The Civilian Conservation Corps, known as the CCC, built Rim Rock Drive. They had four campsites in the Colorado National Monument from 1931- 1950. Their first camp, NM-1-C was located at what is now the Coke Ovens. The CCC trail connects the Black Ridge trail with the Upper Monument Canyon and the Coke Ovens trailheads. Historical evidence of CCC habitation can still be found around the area; but please leave these relics in place, as they are precious clues to our colorful past.
Known for its vibrant colors, Artist’s Point is the perfect place to get out your easel and paint the dramatic desert landscape. From either direction, as you approach Artist’s Point you can see the colorful rock that makes up the Morrison Formation. The cliffs of Wingate sandstone are painted with desert varnish; a thin patina of red to black coloration caused by numerous chemical and biological processes over thousands of years. The beautifully eroded rock formations coupled with the stunning western high-desert light provide any artist with the inspiration necessary to create a masterpiece.

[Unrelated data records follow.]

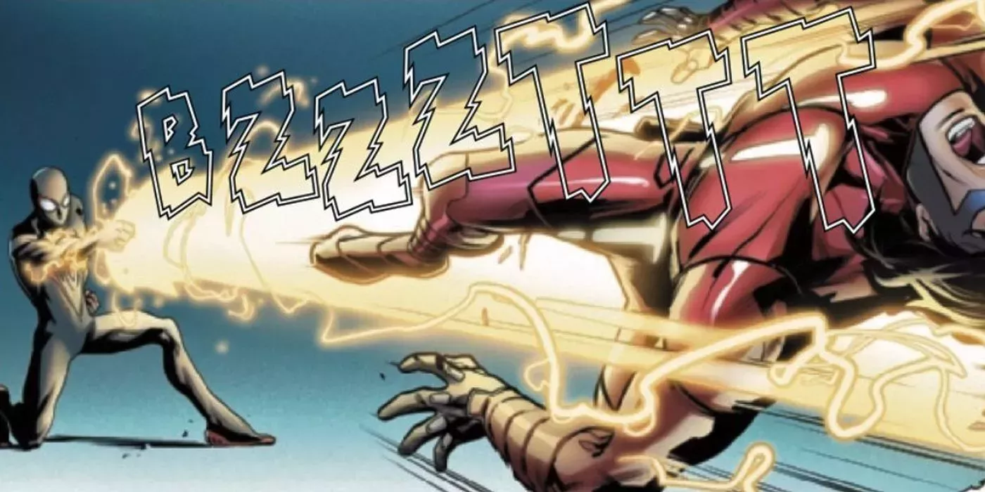 Miles Morales no sólo adquirió la habilidad de camuflarse y trabajar con sigilo, sino que también desarrolló un devastador aguijón bioeléctrico ofensivo. Lo llama en secreto su "ráfaga de veneno", y es lo bastante potente como para detener en seco a algunos adversarios cuando lo saca de su escondite.
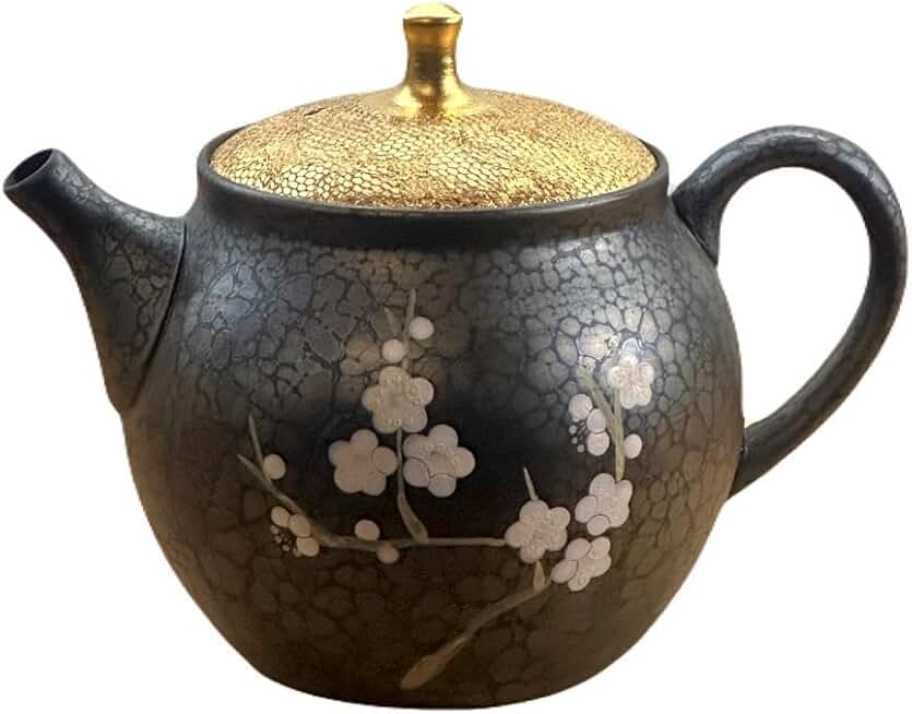 Shoryu Teapot with Tenmoku Glazed Gold Lid White Plum Pattern
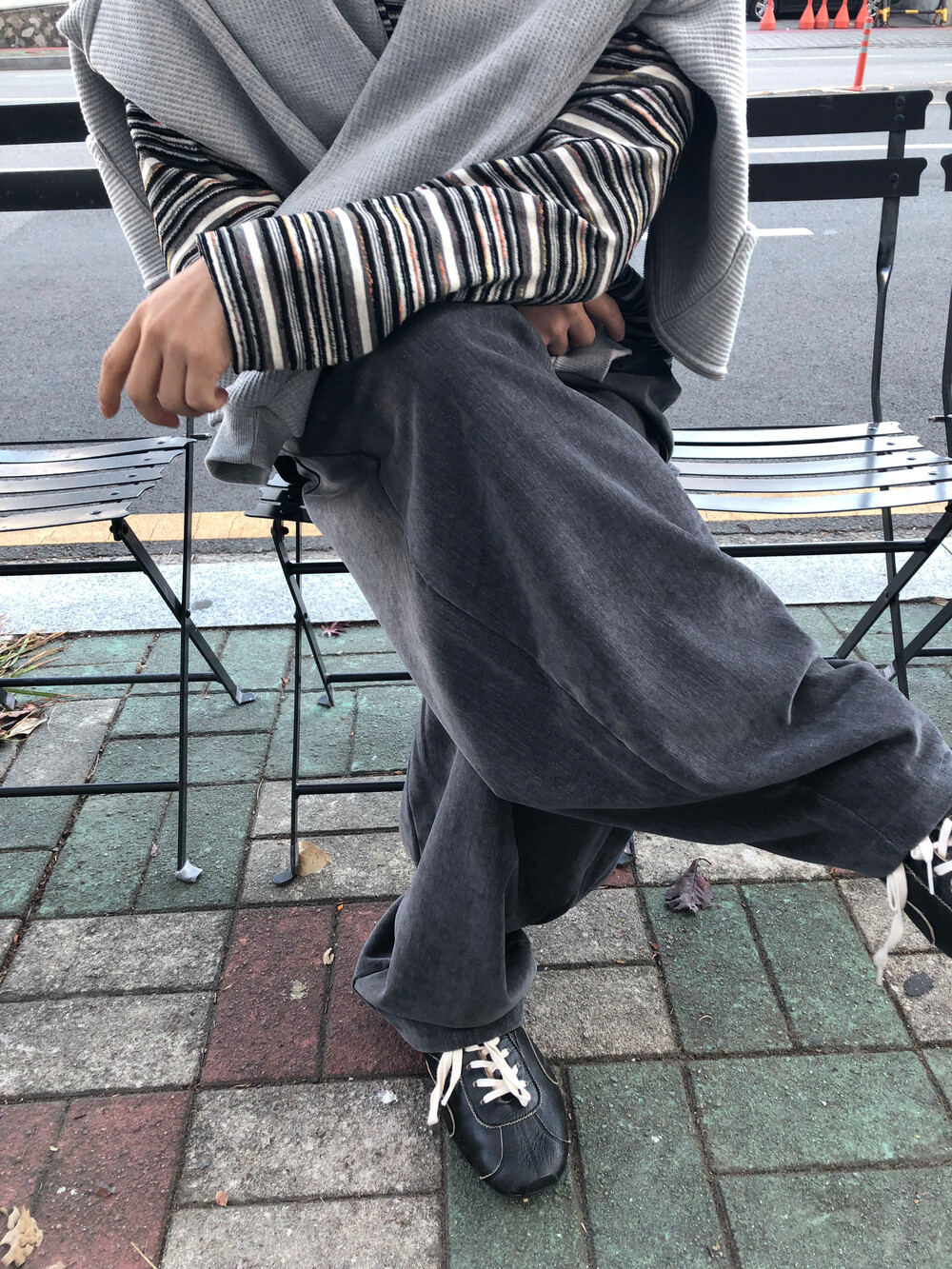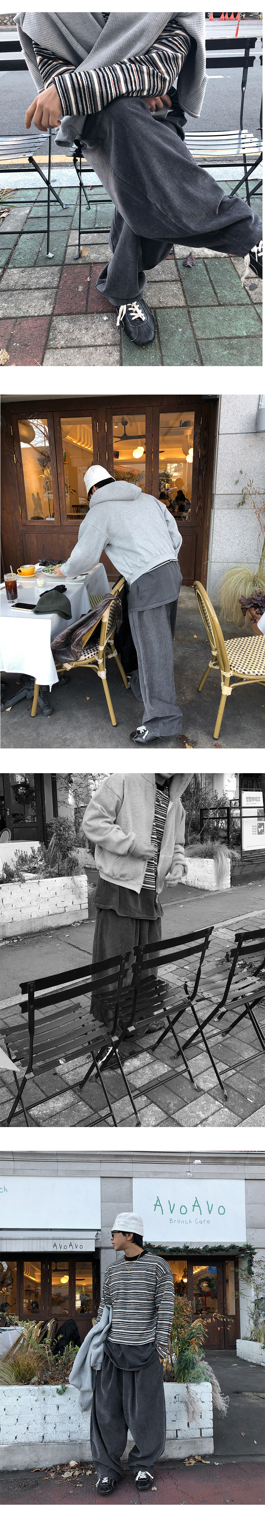 부드러운 촉감과 깊이감 있는 컬러 표현이 특징인 와이드 벨루아팬츠입니다.

The Morrison formation is special because it is home to some of the biggest and most well preserved dinosaur bones in the world. On July 4th 1900, Elmer Riggs found and ultimately excavated the remains of an Apatosaurus (also known as a Brontosaurus) from Dinosaur Hill near the West entrance station. He also unearthed the first Brachiosaurus which was the largest dinosaur discovered for 70 years. You can find the Morrison Formation right above the rounded, salmon colored Entrada layer that is at or near road level throughout most of Rim Rock Drive.
Upper Ute Canyon
Ute Canyon is named for the native Ute tribe of Native Americans who lived and traveled through Colorado National Monument into the 19th century. Ute canyon is one of the deepest canyons in the monument characterized by its towering sheer cliffs. If you visit on a rainy day, you may even see the flash floods that have created these awe-inspiring canyons.
Red Canyon is a great example of a hanging canyon. The uplift that created the Colorado Plateau created the conditions for the formation of hanging canyons. At first, flash floods eroded the softer sedimentary rocks down to the harder erosion resistant Precambrian basement layer. This created wide canyons. As the area continued to uplift, the valley floor remained as the 1.7 billion year old basement layer continued to rise, creating an elevated or “hanging” canyon above the Grand Valley.
Upper Serpent’s Trail
Serpents Trail was the first road to provide access to the Colorado National Monument. The first Serpents Trail, known as the “Serpentine Trail” was a foot/horse path built by John Otto. It was later widened to accommodate horse carriages, and later automobiles. The first automobiles to use Serpents Trail had to drive up backwards due to their gravity fed fuel systems. After the construction of Rim Rock Drive, the road was closed to traffic and turned into a hiking trail.
Devil’s Kitchen Trailhead
The Devil’s Kitchen Trailhead is located 0.2 miles from the East entrance. It provides access to Devil’s Kitchen Trail, Echo Canyon, No Thoroughfare Canyon, Old Gordon Trail, and Serpent’s Trail. Devil’s Kitchen Picnic Area is located across the road. The picnic area offers potable water, bathrooms, and a shaded picnic area.